# best ammo choice for px4 sub compact 9mm



## krawl1212 (Feb 3, 2013)

Hey all so im just curious as to what u px4 owners ammo of choice is. Ive been reading that they are picky woth steel cased ammo.. Is this true?? And what types of ammo do you guys prefer and works best with the sub compact in 9mm


----------



## TAPnRACK (Jan 30, 2013)

For range ammo... mine eats anything (so far) from Winchester, Blazer, PMC to reloads. Close to 1,000 rounds now without issues, solid performer imo.

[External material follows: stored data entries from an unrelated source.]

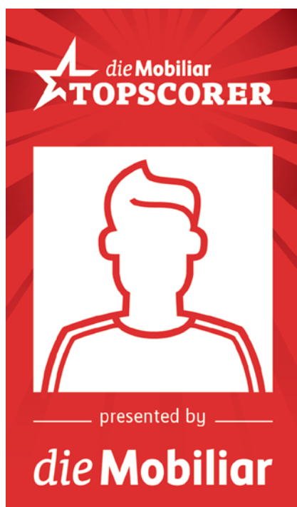
Il box Topscorer sulla landing page del sito del club
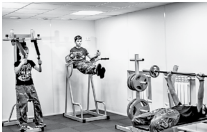
В тренажерном зале леньковской школы.

В ремонт школы вложили гораздо больше, чем положено по программе софинансирования. Сумма составила около 20 миллионов рублей. Это гораздо больше 5%, требуемых по краевой программе от района.
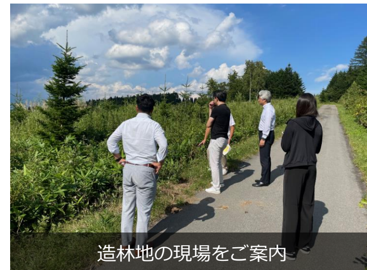
造林地の現場をご案内
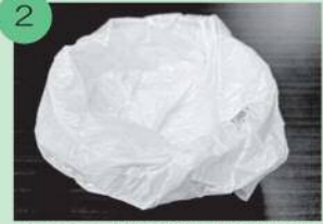
2 上からポリ袋をかぶせたら、使用後はそのまま捨てられます。
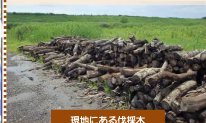
現地にある伐採木
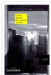
O SOL DENTRO DA CABEZA SUSO DIAZ
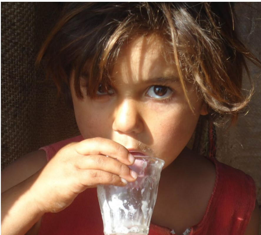
Du kan ge mig en framtid och ett hopp.

Vi har alla hört om ISIS-organisationens grymhet. Våldet tvingar miljontals människor att lämna sitt hemland. När du hör dessa sorgliga nyheter känner du dig hjälplös, kanske också arg. Du vill göra något, men vet inte riktigt vad. Genom Mätta de Hungrande-organisationen kan du säkert och effektivt hjälpa de förföljda. En ny hjälpförsändelse till flyktingarna i Libanon är just på väg. Ännu hinner du bidra med din gåva.
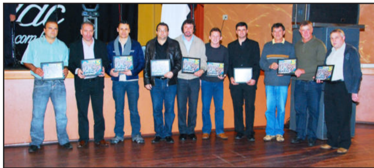
Homenagem a parceiros
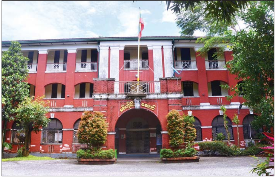
ရန်ကုန်တက္ကသိုလ်ရှိ စစ်ကိုင်းဆောင်။

သည် လူအများစု နှုတ်ဖျားတွင် စွဲနေပါသည်။ လူတိုင်းလိုလို အနည်းဆုံးတော့ ရေချိုးခန်းမင်းသားအဖြစ် သိချင်းဟစ်ကြပါသည်။ မည်သူ့ကိုမျှ အားနာစရာမလိုပါ။ ပထမနှစ်သင်တန်းများကို မန္တလေးဆောင်တွင် သင်ကြားကြရပြီး မြန်မာစာ၊ အင်္ဂလိပ်စာ၊ သင်္ချာ၊ ဓာတုဗေဒ၊ ရူပဗေဒနှင့် ဘူမိဗေဒတို့ကို သင်ကြားရပါသည်။ ဆယ်တန်းအောင်စဉ်က ဇီဝဗေဒယူခဲ့သော်လည်း တက္ကသိုလ်တွင် ဇီဝဗေဒယူပါက သတ္တဗေဒ ဌာနနှင့် ရုက္ခဗေဒဌာနနှစ်ခုခွဲ၍ သင်ယူရမည်ဖြစ်သဖြင့် အများစုမှာ တစ်ဘာသာတည်း ဖြစ်သော ဘူမိဗေဒကို ယူကြပါသည်။ ဒုတိယနှစ်မှစ၍ ပင်မဆောင်ရှိ သင်္ချာဌာန စာသင်ခန်းများတွင် ပညာသင်ကြားရပါသည်။ ဒုတိယနှစ်တွင် အင်္ဂလိပ်စာ၊ သင်္ချာဘာသာနှင့် ခုနစ်သင်္ချာယုတ္တိဗေဒ(သို့မဟုတ်) ဓာတုဗေဒတို့ကို မိုင်နာအဖြစ် သင်ယူကြရရာ ကျွန်တော်က စာမျက်နှာ ၇ သို့
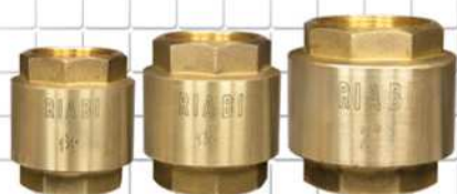
شیر یک طرفه فنی ONE WAY VALVE نحاس الصمامات 1 لطريقة
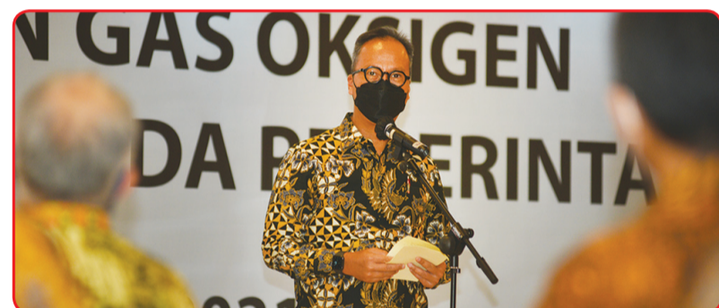
Menperin Agus Gumiwang Kartasasmita mewakili para industriawan memberikan laporan mengenai bantuan 2.000 tabung oksigen bagi Pemerintah India.

JAKARTA (IM) - Pengusaha Peduli NKRI serta Kementerian Perindustrian RI menyerahkan 2.000 buah tabung oksigen kepada Pemerintah India untuk membantu mengatasi ledakan kasus Covid-19 di India.
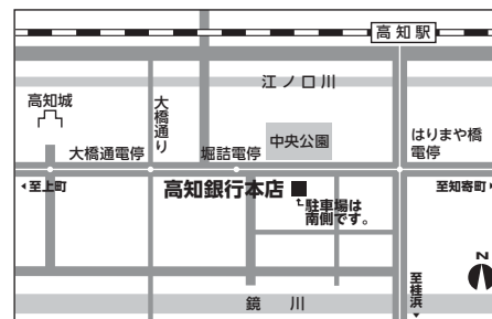
※駐車場に限りがございますので、できる限り公共交通機関をご利用ください。

For carry/home defense... I only run Hornady Critical Defense 115gr FTX... no issues and all my carry guns run this load without issues.


----------



## denner (Jun 3, 2011)

Eats anything, never tried steel cased ammo, I reserve that for my AK. I run 147's exclusively for SD.


----------



## skinnyb (Jan 18, 2013)

Mine likes pretty much anything. 124 grain Speer Gold Dots for carry.


----------



## krawl1212 (Feb 3, 2013)

Ok kool, thanks so much, have any of you guys had the issue that causes it to shoot low and to left? Im having this issue and dont know what to do to correct it...ur help is greatly appreciated!!!


----------



## TAPnRACK (Jan 30, 2013)

Low & left usually means your jerking the trigger & not "pressing" staight back.


----------